Basal nitric oxide production curtails arteriolar vasoconstrictor responses to ANG II in rat kidney

1996 ◽  
Vol 271 (2) ◽  
pp. F365-F373 ◽  
Author(s):  
H. Ikenaga ◽  
R. W. Fallet ◽  
P. K. Carmines
Keyword(s):  
Nitric Oxide ◽  
Rat Kidney ◽  
No Synthase ◽  
Ang Ii ◽  
Juxtamedullary Nephron ◽  
Endogenous Nitric Oxide ◽  
Synthase Inhibitor ◽  
Baseline Diameter ◽  
Stimulation Of

Experiments were performed to test the hypothesis that renal arteriolar vasoconstrictor responses to angiotensin II (ANG II) are curtailed through a mechanism that involves stimulation of endogenous nitric oxide (NO) synthesis. The in vitro blood-perfused juxtamedullary nephron technique was exploited to monitor arteriolar lumen diameter responses to exogenous ANG II before and during treatment with the NO synthase inhibitor N omega-nitro-L-arginine (L-NNA). Under control conditions, 1 nM ANG II reduced afferent and efferent arteriolar diameters by 13 and 11%, respectively. In the presence of L-NNA, 1 nM ANG II decreased afferent diameter by 26% and efferent diameter by 35%. This augmentation could not be attributed to the L-NNA-induced decrease in baseline diameter.

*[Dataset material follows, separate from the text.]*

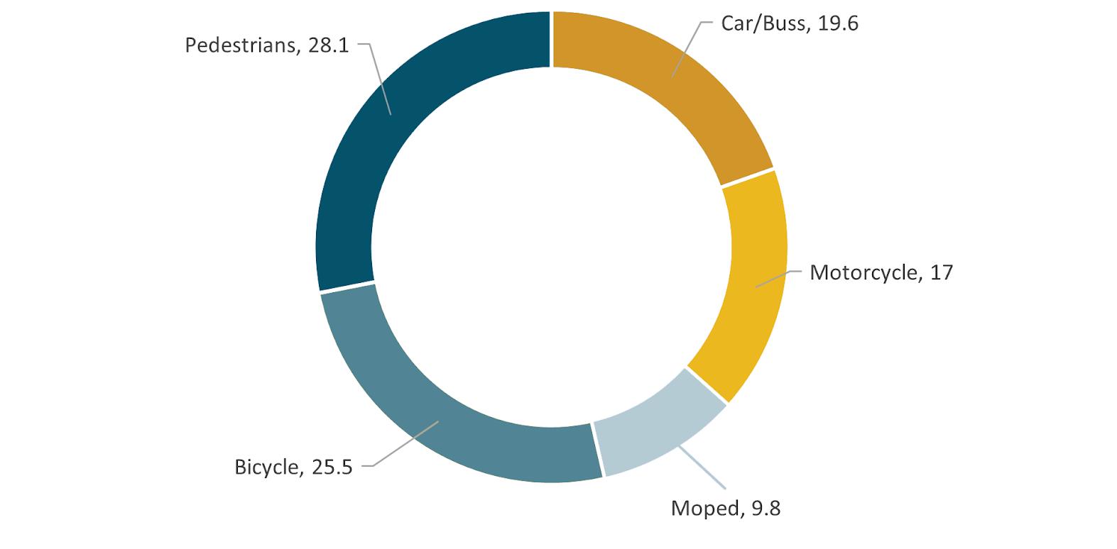 Figure 4.13: Proportion of people who were injured/killed by different means of transport, (Trondheim Kommune, 2020b)

L-NNA also augmented vasopressin responses, indicating a lack of agonist specificity in this interaction. ANG II reactivity during L-NNA treatment was not enhanced when tissue NO activity was fixed at basal levels (exposure to 1 microM sodium nitroprusside). These results indicate that endogenous NO modulates the vasoconstrictive impact of ANG II on both afferent and efferent arterioles of juxtamedullary nephrons and that this process does not require stimulation of NO synthesis.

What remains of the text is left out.